No final do ano passado, a situação prisional em Minas Gerais em especial nas "cadeias públicas" de Belo Horizonte, conforme noticiou os principais jornais do Estado, se encontravam e se encontram em situação insustentável. O colapso já é uma realidade que não se pode negar e o caos já tomou conta das principais cadeias da capital;

Segundo matéria publicada pelo Jornal Estado de Minas, 27 de novembro de 2002, "Situação na cadeia é insustentável e pode explodir a qualquer momento, segundo a própria polícia". De acordo com a citada matéria, na Divisão de Crimes contra o Patrimônio (Delegacia de Furtos e Roubos) "estão 537 presos nas 22 celas, com capacidade para 80, cerca de 20cm para cada preso";

Na Divisão de Tóxico e Entorpecentes (Delegacia de Tóxicos da Gameleira) a situação não é diferente da Delegacia de Furtos e Roubos. Segundo a reportagem do citado jornal na Delegacia de Tóxicos encontram-se 199 presos "amontoados nas sete celas, que têm capacidade para 28";

É cediço que a superpopulação carcerária constitui uma das principais causas de mortes e rebeliões nas prisões. A superlotação das cadeias, onde os presos têm que dividir o indivisível, gera uma série de outras violências e abusos ora cometidos entre os próprios presos ora entre os policiais e a população carcerária.

Não é mais possível que homens e mulheres, condenados ou não, sejam colocados em depósitos infectos, pestilentos, insalubres, contagiosos e impróprios, até mesmo, para ratos.

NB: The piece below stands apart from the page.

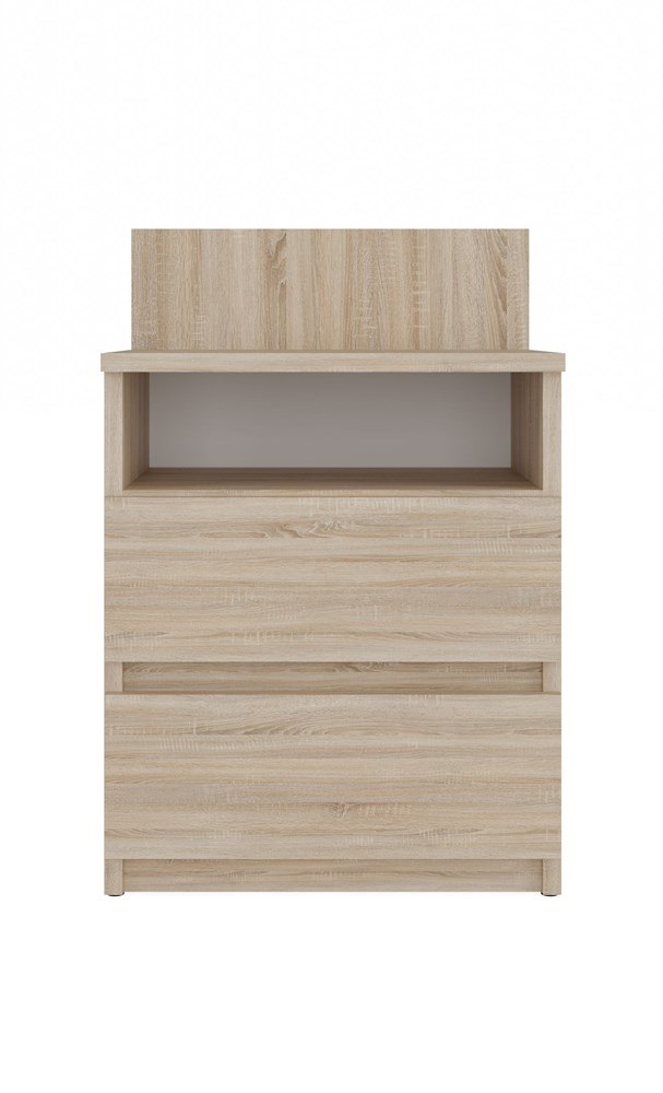 Дві місткі шухляди на роликових напрямних забезпечують зручне та безпечне зберігання. Верхня частина шафи ідеально підійде для нічника, будильника або декоративних аксесуарів, які хочеться завжди мати під рукою.
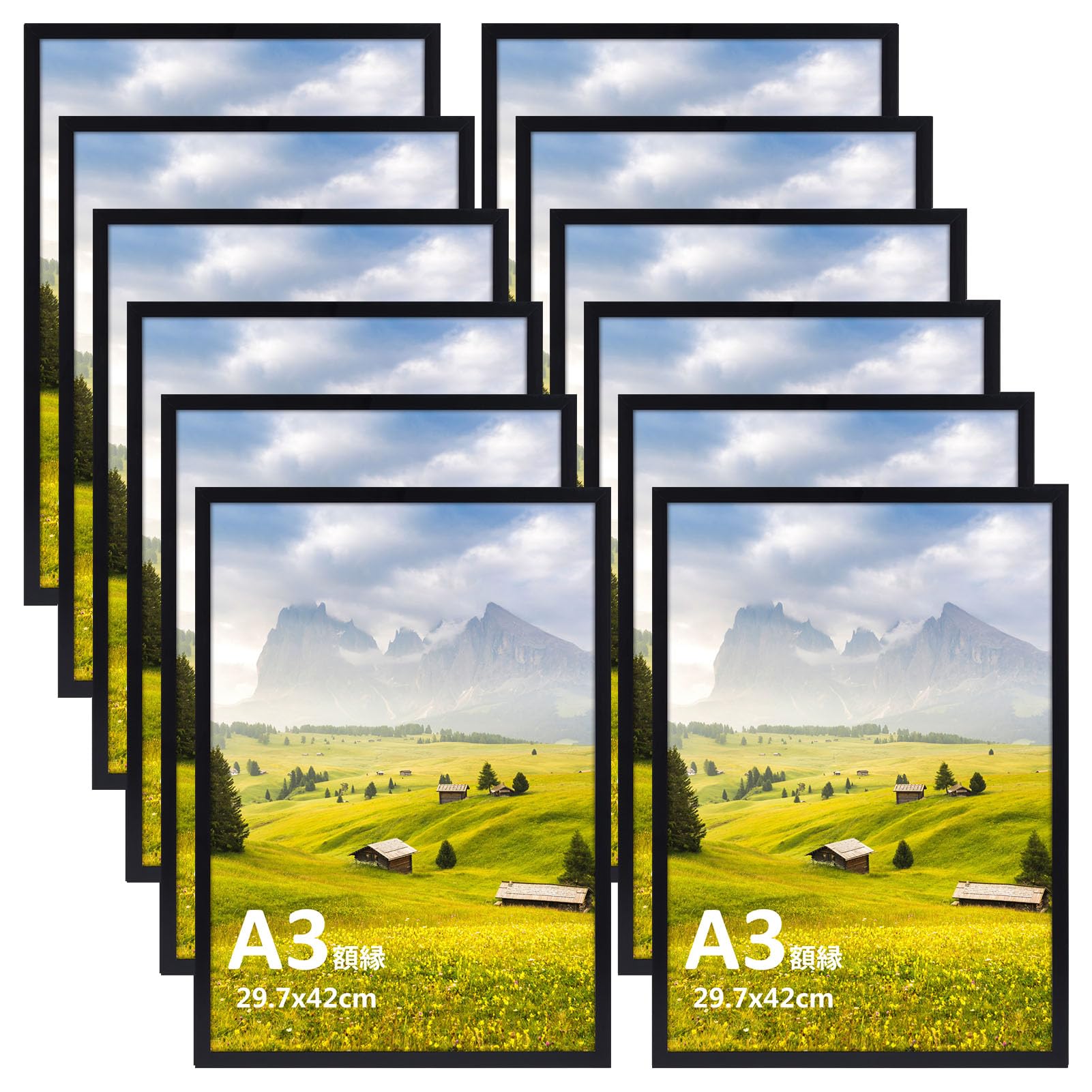 【まとめ買いで最大1000円OFFクーポン!】【送料無料】額縁 A3 フォトフレーム 賞状額 軽量 壁掛け タイプ 風景 ポスター 飾り セット 12枚 黒 8,940 ~

É inquestionável e indubitável que os princípios fundamentais de respeito a dignidade da pessoa humana estão sendo violados. Os tratados e convenções internacionais de respeito aos direitos humanos, dos quais o Brasil é signatário, estão sendo desprezados. O ser humano está sendo tratado como sub espécie da raça humana, animais recebem melhor tratamento. Roberto Lyra já destacou que "os jardins zoológicos para homens nem têm jardins";

Os presos, na situação em que se encontram, além de estarem privados da liberdade estão privadas de assistência médica, visitas da família, banho de sol, trabalho, alimentação condizente, assistência jurídica e de todos os demais direitos indispensáveis para vida digna;

Caso a situação permaneça como esta o "barril de pólvora" vai explodir. Os fatos são notórios e públicos, todos estão alertando sobre a iminência de uma rebelião de proporções incomensuráveis. Não podemos esperar, a exemplo de Carandiru, que ocorram mortes em massa para depois fecharmos as portas do inferno. Até quando precisaremos levar sermões e puxões de orelhas das Organizações Internacionais em defesa dos Direitos Humanos? Até quando toleraremos que seres humanos sejam tratados como bichos? Até quando irá nossa insensibilidade? Até quando vamos fingir que vivemos em um Estado Democrático de Direito?

Belo Horizonte, 14 de janeiro de 2003.


1.Leonardo Isaac Yarochewsky Advogado Criminalista e Professor de Direito Penal da PUCMinas.